Aim of the exercise
Write out the listing below in full and exactly, leaving out every picture.

------ Data for processing

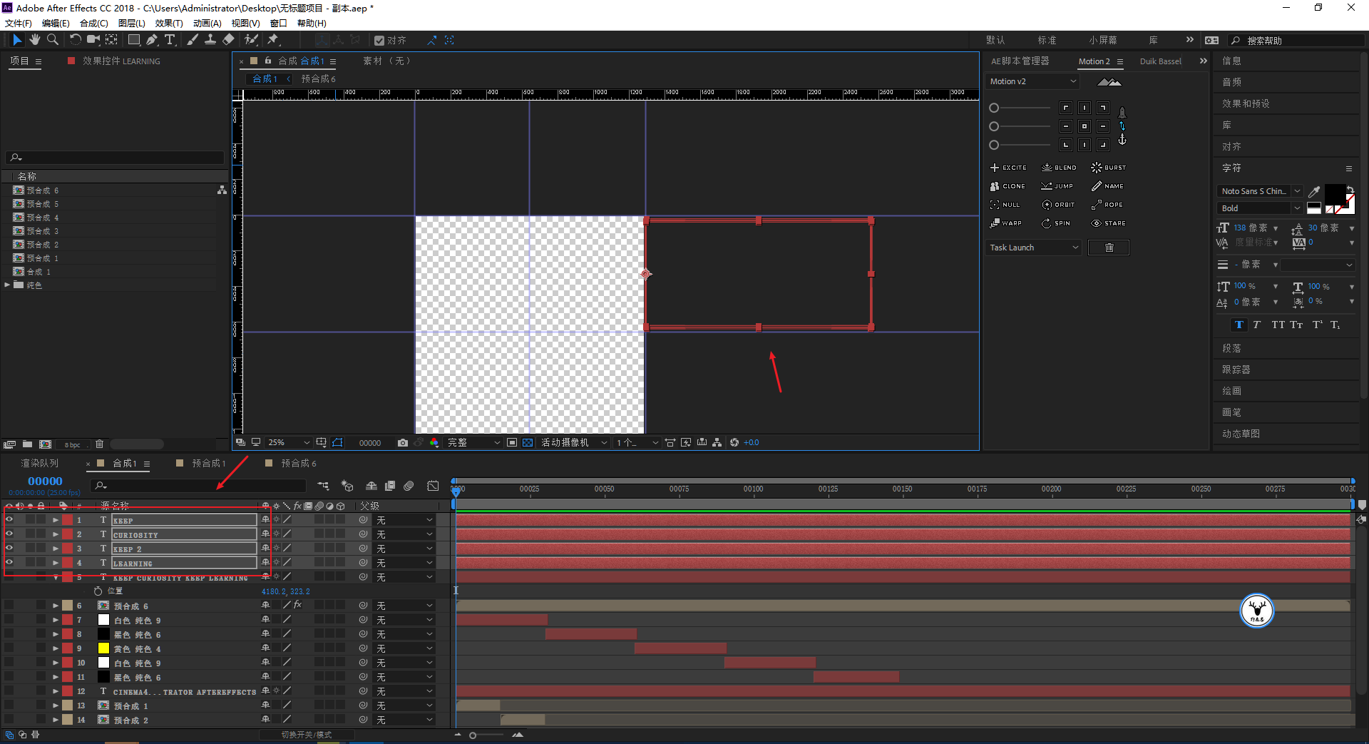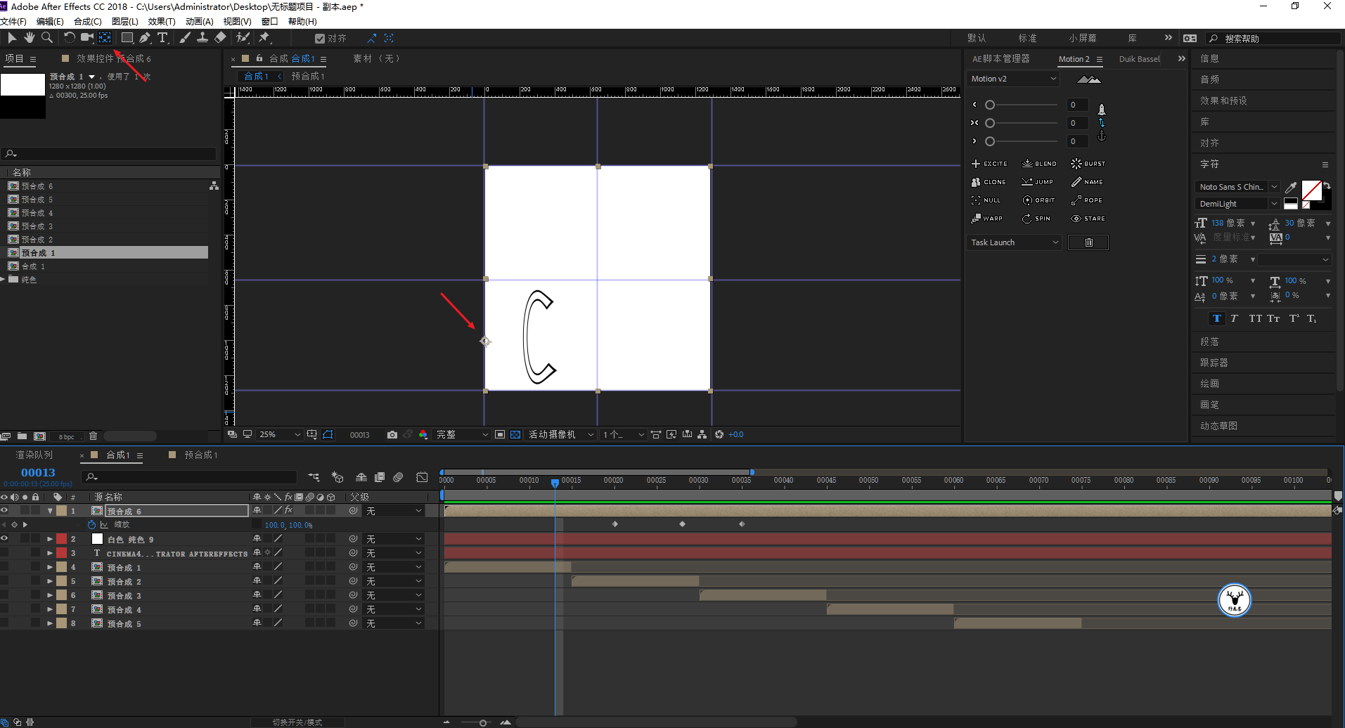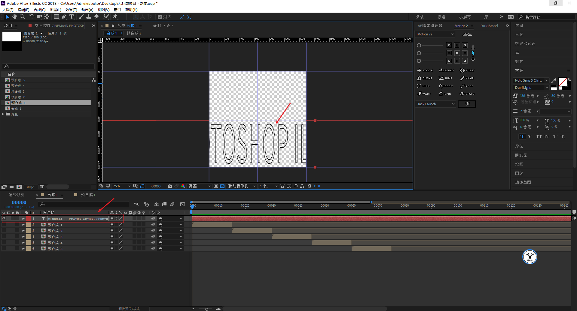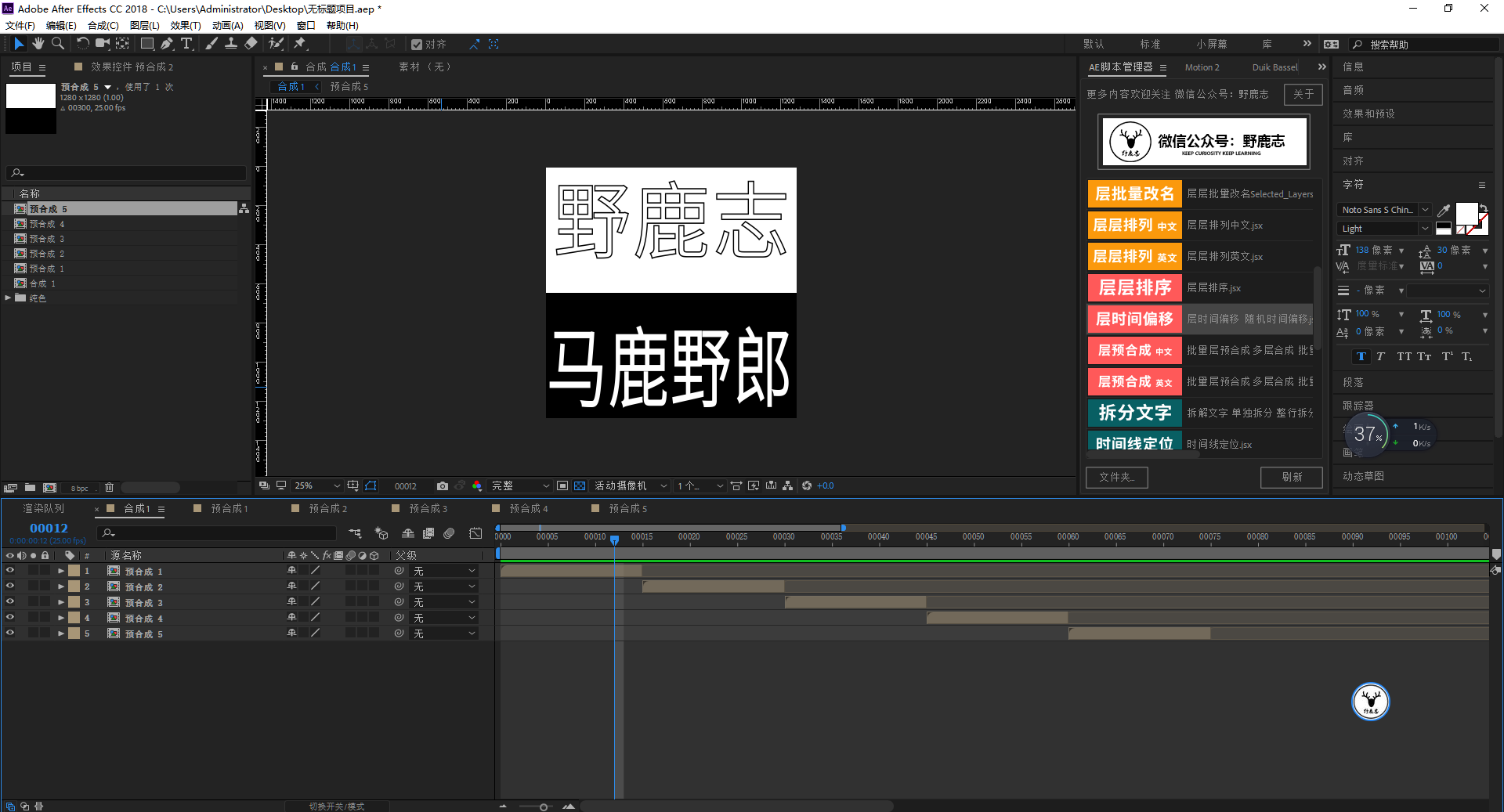 动画做好以后,选中所有图层,快捷键康秋加谢伏特加C,把他们添加到预合成里,这样第一个文字动画就做好了:
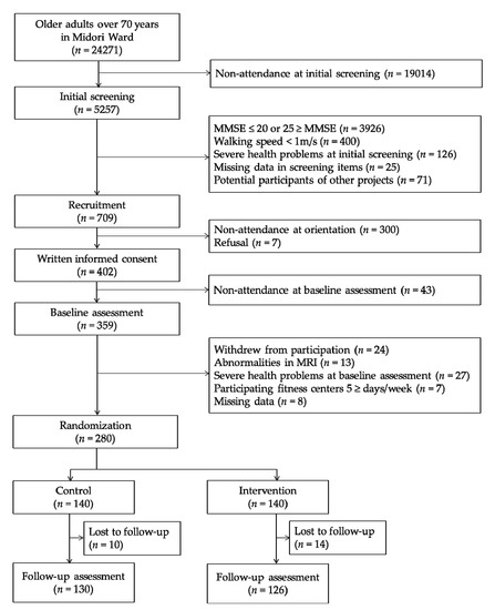 The present study was a secondary analysis of a 10-month single-blinded RCT of multicomponent exercise for older adults with global cognitive decline. The protocol for this trial (ID: UMIN000013097) was registered in the University Hospital Medical Information Network Clinical Trials Registry website (http://www.umin.ac.jp/ctr/index.htm). The main results of this trial are being prepared for submission as another manuscript. Several papers on the secondary analysis of this trial have already been published elsewhere [40,41]. The participants of the trial were recruited from a subcohort of the National Center for Geriatrics and Gerontology Study of Geriatric Syndromes (NCGG-SGS) [42], conducted in 2013 in Midori Ward of Nagoya city, Aichi Prefecture, Japan. A total of 24,271 individuals were invited to participate in the screening survey of physical and cognitive function; 5257 of these individuals participated. Of the 5257 participants, 709 were selected as potential participants after applying the following inclusion criteria: (1) scores between 21 and 24 at screening on the Mini-Mental State Examination (MMSE) reflecting global cognitive decline [43]; (2) did not have severe health problems including dementia, stroke, depression, and Parkinson’s disease; (3) normal gait speed ≥1 m/s; and (4) were not enrolled in other intervention studies. Recruitment documents were sent to the 709 individuals selected, and 359 participated in the baseline assessment. Additionally, after baseline assessment, 79 individuals were excluded who (1) withdrew from participation; (2) had abnormalities in magnetic resonance imaging (MRI); (3) were newly diagnosed with dementia, stroke, depression, or Parkinson’s disease; (4) attended fitness centers for more than 5 days per week; and (5) had missing data. Finally, 280 participants were assigned to either the intervention or control group using a computerized randomization scheme with a 1:1 ratio by a researcher blind to the study aims (Figure 1).
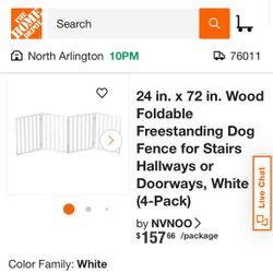 24 in. x 72 in. Wood Foldable Freestanding Dog Fence for Stairs Hallways or Doorways, White$60Grand Prairie, TX
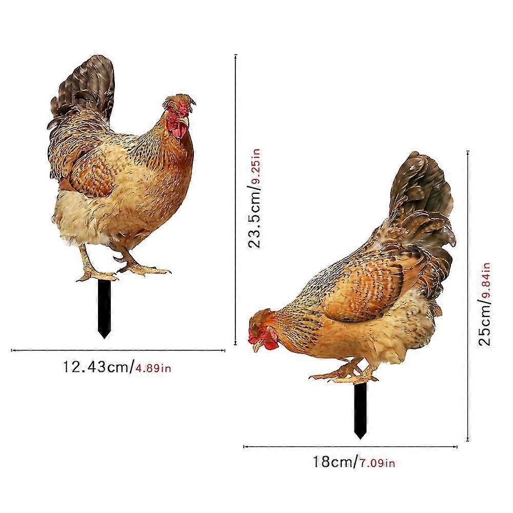 Set of 2pcs Hen Shaped Garden Stakes - Acrylic Decoration - For Garden, Lawn
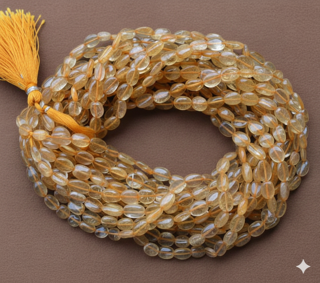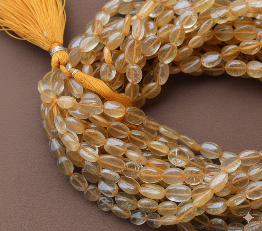 • ☀️ Oval Citrine stone beads – Golden, 12x8mm
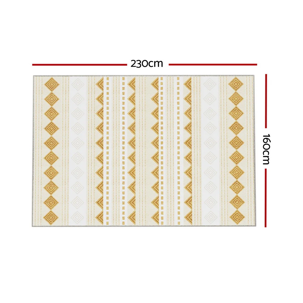 Enhance your home décor with an Artiss Ella Floor Rug. Made from plush crystal velvet, Artiss rugs are water-repellent, fade-resistant, and have a rich velvety soft feeling that keeps your floors warm and comfortable. Its chic bohemian-style design suits a wide variety of interior styles thanks to its neutral hues. It does not shed any fibres even after long use thanks to its quality stitching, making it ideal for anyone who wants a hassle-free rug. The rug is not only washable for easy maintenance, but it also features stylish knitted hemming and a base of anti-slip granules to prevent tripping. Not least, the rug is easy to roll and fold for storage if necessary. For a stylish way to keep your floors warm and protected, choose an Artiss Ella Floor Rug today.
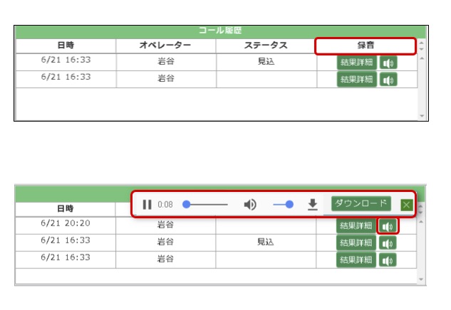 その中で特に重要なのは「アポ」や「見込み」というコール結果です。 この場合はコール結果をより詳しく入力する必要があるので、メモ入力欄が用意されています。 でも、キーボード入力に不慣れな場合は、紙などにメモを取っておけばOK! あとからメモを元に他のスタッフがキーボードで入力をすれば、効率的な運用ができます。 また、通話録音にも対応しているので、録音データの聞き起こしも可能です。 下記のように、録音したものをその場で再生することも、必要に応じて音声データをダウンロードすることもできます。 これなら「パソコンをほとんど使ったことがない!」という方も、少し練習をすればすぐに使えるようになるので、安心して業務を任せることができますね!

------------

Result
 动画做好以后,选中所有图层,快捷键康秋加谢伏特加C,把他们添加到预合成里,这样第一个文字动画就做好了:
 The present study was a secondary analysis of a 10-month single-blinded RCT of multicomponent exercise for older adults with global cognitive decline. The protocol for this trial (ID: UMIN000013097) was registered in the University Hospital Medical Information Network Clinical Trials Registry website (http://www.umin.ac.jp/ctr/index.htm). The main results of this trial are being prepared for submission as another manuscript. Several papers on the secondary analysis of this trial have already been published elsewhere [40,41]. The participants of the trial were recruited from a subcohort of the National Center for Geriatrics and Gerontology Study of Geriatric Syndromes (NCGG-SGS) [42], conducted in 2013 in Midori Ward of Nagoya city, Aichi Prefecture, Japan. A total of 24,271 individuals were invited to participate in the screening survey of physical and cognitive function; 5257 of these individuals participated. Of the 5257 participants, 709 were selected as potential participants after applying the following inclusion criteria: (1) scores between 21 and 24 at screening on the Mini-Mental State Examination (MMSE) reflecting global cognitive decline [43]; (2) did not have severe health problems including dementia, stroke, depression, and Parkinson’s disease; (3) normal gait speed ≥1 m/s; and (4) were not enrolled in other intervention studies. Recruitment documents were sent to the 709 individuals selected, and 359 participated in the baseline assessment. Additionally, after baseline assessment, 79 individuals were excluded who (1) withdrew from participation; (2) had abnormalities in magnetic resonance imaging (MRI); (3) were newly diagnosed with dementia, stroke, depression, or Parkinson’s disease; (4) attended fitness centers for more than 5 days per week; and (5) had missing data. Finally, 280 participants were assigned to either the intervention or control group using a computerized randomization scheme with a 1:1 ratio by a researcher blind to the study aims (Figure 1).
 24 in. x 72 in. Wood Foldable Freestanding Dog Fence for Stairs Hallways or Doorways, White$60Grand Prairie, TX
 Set of 2pcs Hen Shaped Garden Stakes - Acrylic Decoration - For Garden, Lawn
 • ☀️ Oval Citrine stone beads – Golden, 12x8mm
 Enhance your home décor with an Artiss Ella Floor Rug. Made from plush crystal velvet, Artiss rugs are water-repellent, fade-resistant, and have a rich velvety soft feeling that keeps your floors warm and comfortable. Its chic bohemian-style design suits a wide variety of interior styles thanks to its neutral hues. It does not shed any fibres even after long use thanks to its quality stitching, making it ideal for anyone who wants a hassle-free rug. The rug is not only washable for easy maintenance, but it also features stylish knitted hemming and a base of anti-slip granules to prevent tripping. Not least, the rug is easy to roll and fold for storage if necessary. For a stylish way to keep your floors warm and protected, choose an Artiss Ella Floor Rug today.
 その中で特に重要なのは「アポ」や「見込み」というコール結果です。 この場合はコール結果をより詳しく入力する必要があるので、メモ入力欄が用意されています。 でも、キーボード入力に不慣れな場合は、紙などにメモを取っておけばOK! あとからメモを元に他のスタッフがキーボードで入力をすれば、効率的な運用ができます。 また、通話録音にも対応しているので、録音データの聞き起こしも可能です。 下記のように、録音したものをその場で再生することも、必要に応じて音声データをダウンロードすることもできます。 これなら「パソコンをほとんど使ったことがない!」という方も、少し練習をすればすぐに使えるようになるので、安心して業務を任せることができますね!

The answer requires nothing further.